Four in five large GCC enterprises still rely solely on usernames and passwords for authentication to corporate networks, according to Microsoft’s Digital Transformation survey.
According to the report, the most striking finding was that, at a time when security professionals are recommending next-generation identity-management techniques such as facial recognition, biometric identification and two-factor authentication and conditional access (2FA).
Over 80 percent of large Gulf enterprises still use usernames and passwords as the exclusive means of log-in.
“The findings clearly show that many of the region’s enterprises have a long way to go to create secure environments for their customers, employees and their intellectual property,” said Mohammed Arif, regional director, Modern Workplace & Security, Microsoft Gulf.
“Traditional security models have focused on layered perimeter defence and building ‘better walls.’ Today, organisations need to have an always-on and multifaceted approach to security that constantly protects all endpoints, detects the early signs of a breach, and responds before that threat can cause damage. Modern cloud-based automated tools, including analytics based on machine learning and artificial intelligence, can help expedite response.”
As an example, Arif said Microsoft can build an intelligent security graph that can be applied to protect all endpoints, detect attacks, and accelerate responses. “Cloud providers can afford to integrate their products into holistic, machine-learning-driven, security frameworks, covering perimeter, infrastructure and data, both at rest and in transit. Far from being more vulnerable in the cloud, enterprises of all scales and industries are safer there, where they can innovate and grow with peace of mind.” He added.

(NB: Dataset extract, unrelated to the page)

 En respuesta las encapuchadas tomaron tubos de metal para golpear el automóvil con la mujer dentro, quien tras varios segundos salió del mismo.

Only around 11 percent used a 2FA SMS notification to support username-password authentication. About 7 percent reported using fingerprint-scanning and just under 1 percent had adopted facial recognition. In fact, the precise proportion of large Gulf enterprises using facial recognition (0.74 percent) was less than that for SMEs (1.08 percent).

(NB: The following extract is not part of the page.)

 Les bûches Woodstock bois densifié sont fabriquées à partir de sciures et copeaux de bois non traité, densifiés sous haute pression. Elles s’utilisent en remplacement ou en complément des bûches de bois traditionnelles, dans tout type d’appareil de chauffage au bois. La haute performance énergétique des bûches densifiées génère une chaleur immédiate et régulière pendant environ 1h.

The survey results also exposed a need for greater protection from unwanted emails, ranging from nuisance mail (spam) to more sinister communications (such as phishing attempts). More than half (51 percent) of those reported a 10 percent-or-higher proportion of unwanted emails in corporate inboxes. And 41 percent admitted to having clicked on links within such emails that led to unwanted websites.

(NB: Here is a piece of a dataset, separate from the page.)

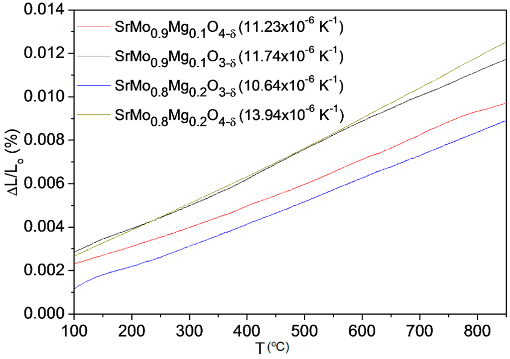 The TECs obtained for the perovskite and scheelite phases are reasonably similar and fit with the general SOFC electrolytes values, so no mechanical compatibility problems should be expected during the oxidation-reduction cycles. For the x = 0.1 compound, the TEC coefficients for SrMo1−xMgxO3−δ and SrMo1−xMgxO4−δ are indeed very similar, exhibiting values of 11.74 × 10−6 and 11.23 × 10−6∙K−1, respectively. For x = 0.2, there is a bigger difference (10.64 × 10−6 and 13.94 × 10−6∙K−1, respectively), which could induce a certain redox instability.

The research, recently carried out by Microsoft, asked respondents from almost 1,000 GCC-based organisations a series of questions about their awareness of, and attitude to, digital transformation. Questions on security covered a range of areas, from data protection to authentication.
The survey also explored the extent to which large Gulf enterprises have classified their data. Data classification policies (the separation of data files by varying degrees of sensitivity) have long been considered by security professionals as a fundamental requirement in guaranteeing robust IP and privacy protections. However, just over 61 percent of those surveyed said their organisation did not yet have a data classification solution in place.